We have, heretofore, been speaking of weights which hang directly from the barrel, as was the case with the older clocks with long cases, so that the weight had plenty of room to fall. Where the cases are too short to allow of this method, recourse is had to hanging the weight on a pulley and fastening one end of the cord to the seat board. This involves doubling the amount of weight and also taking care that the end of the cord is fastened far enough from the slot through which it unwinds so that the cords will not twist, as they are likely to do if they are near together and the cord has been twisted too much while putting it on the barrel. Twisting weight cords are a frequent source of trouble when new cords have been put on a clock. The pulley is another source of trouble, especially if wire cords (picture cords) or cables are used. Wire cable should not be bent in a circle smaller than forty times its diameter if flexibility is to be maintained, hence pulleys which were all right for gut or silk frequently prove too small when wire is substituted and kinks, twisted and broken cables frequently result from this cause. This is especially the case with the heavy weight of striking trains of hall and chiming clocks, where double pulleys are used, and also leads to trouble by jamming and cutting the cables and dropping of the weights in tower clocks where a new cable of larger size is used to replace an old one which has become unsafe from rust, or cut by the sheaves.

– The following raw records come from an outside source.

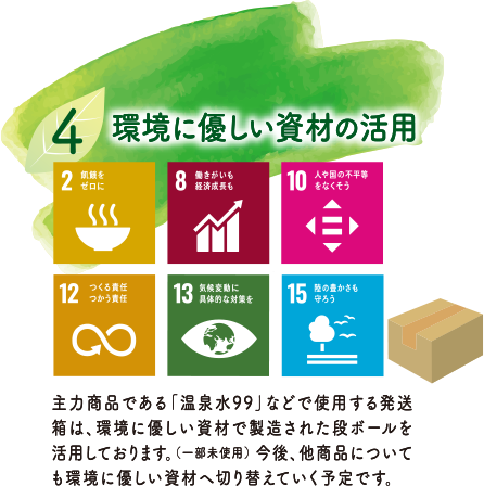 国連が提唱する「持続可能な開発⽬標(SDGs)に賛同し、その達成に向けて下記の取り組みを実施しています。
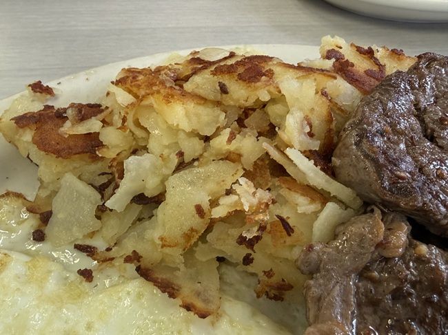 The plate also came with choice of potatoes or grits. I chose the hash browns. The top half of these has browns were amazingly good. They were super crispy and had that crunch on the top with the softness underneath. Most of the stack of potatoes under that top layer though were all soft and a little under done. That didn’t stop me from eating them though. I polished off the whole plate plus a couple triangles of toast that came with it (and a few of J’s fries in that A1 sauce).
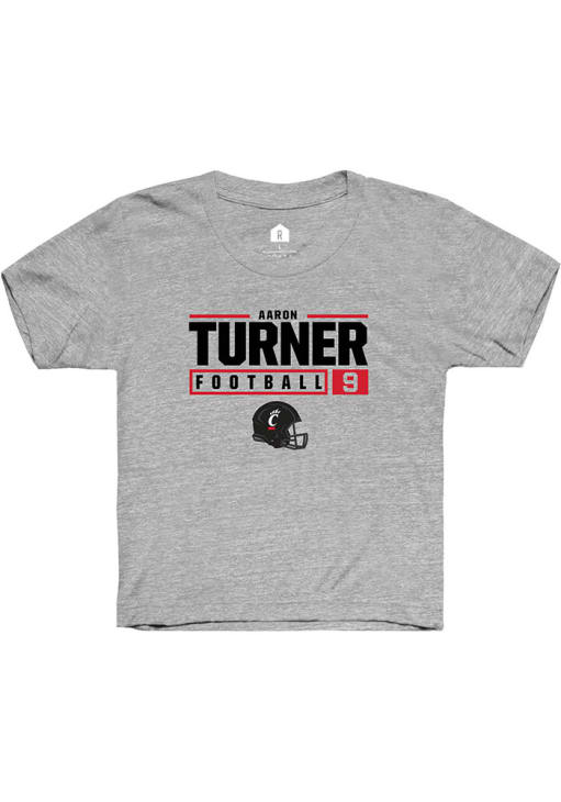 Aaron Turner Rally Youth Grey Cincinnati Bearcats NIL Stacked Box Short Sleeve T-Shirt

Weight cords on the striking side of a clock should always be left long enough so that they will not run down and stop before the time train has stopped. This is particularly the case with the old English hall clocks, as many of them will drop or push their gathering racks free of the gathering pinion under such conditions and then when the clock is wound it will go on striking continuously until the dial is taken off and the rack replaced in mesh with the gathering pinion. As clocks are usually wound at night, the watchmaker can see the disturbance that would be caused in a house in the “wee sma’ hours” by such a clock going on a rampage and striking continuously.

Oiling Cables.--Clock cables, if of wire and small in size, should be oiled by dipping in vaseline thinned with benzine of good quality. Both benzine and vaseline must be free from acid, as if the latter is present it will attack the cable. This thinning will permit the vaseline to permeate the entire cable and when the benzine evaporates it will leave a thin film of vaseline over every wire, thus preventing rust. Tower clock cables should be oiled with a good mineral oil, well soaked into them to prevent rusting. Gut clock cords, when dry and hard, are best treated with clock oil, but olive oil or sperm oil will also be found good to soften and preserve them. New cords should always be oiled until they are soft and flexible. If the weight is under ten pounds silk cords are preferable to gut or wire as they are very soft and flexible.

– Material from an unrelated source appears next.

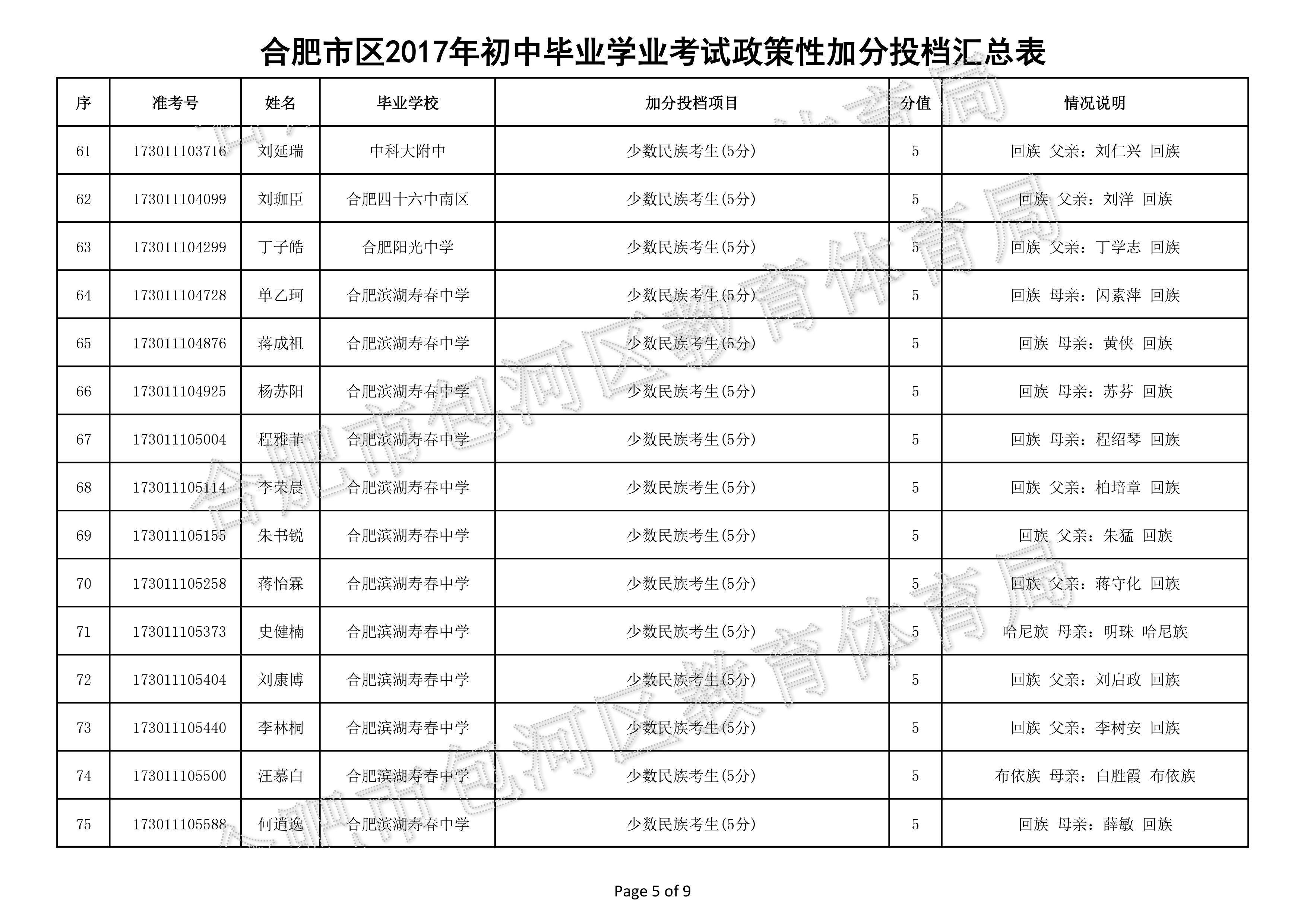 2017年合肥包河区中考政策性加分公示名单(5)
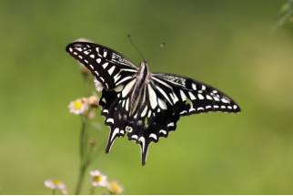 成虫翅膀金黄底色带黑色斑纹,翅展 8-10 厘米,飞行时斑纹清晰可见;幼虫绿色,低龄期体色和形态与鸟类粪便相似,具有伪装效果。高龄时体背有黄白色斜纹,体表光滑,爬行时身体呈弓形。幼虫特别会“伪装”。5-6 月、7-8 月幼虫疯狂啃叶,严重时能把整棵树的叶子吃光。

In putting on a new cable or weight cord the course of the weight and cord should be closely watched at all points, to see that they remain free and do not chafe or bind anywhere and also that the coils run evenly and freely, side by side; sometimes, especially with wire, a new cable gets kinked by riding the first time of winding and is then very difficult to cure of this serious fault. Another point to watch is to see that the position of the cord when wound up will not cause an end thrust upon the barrel, which will interfere with the timekeeping if it is overwound, so that the weight is jammed against the seatboard; this frequently happens with careless winding, if there is no stop work.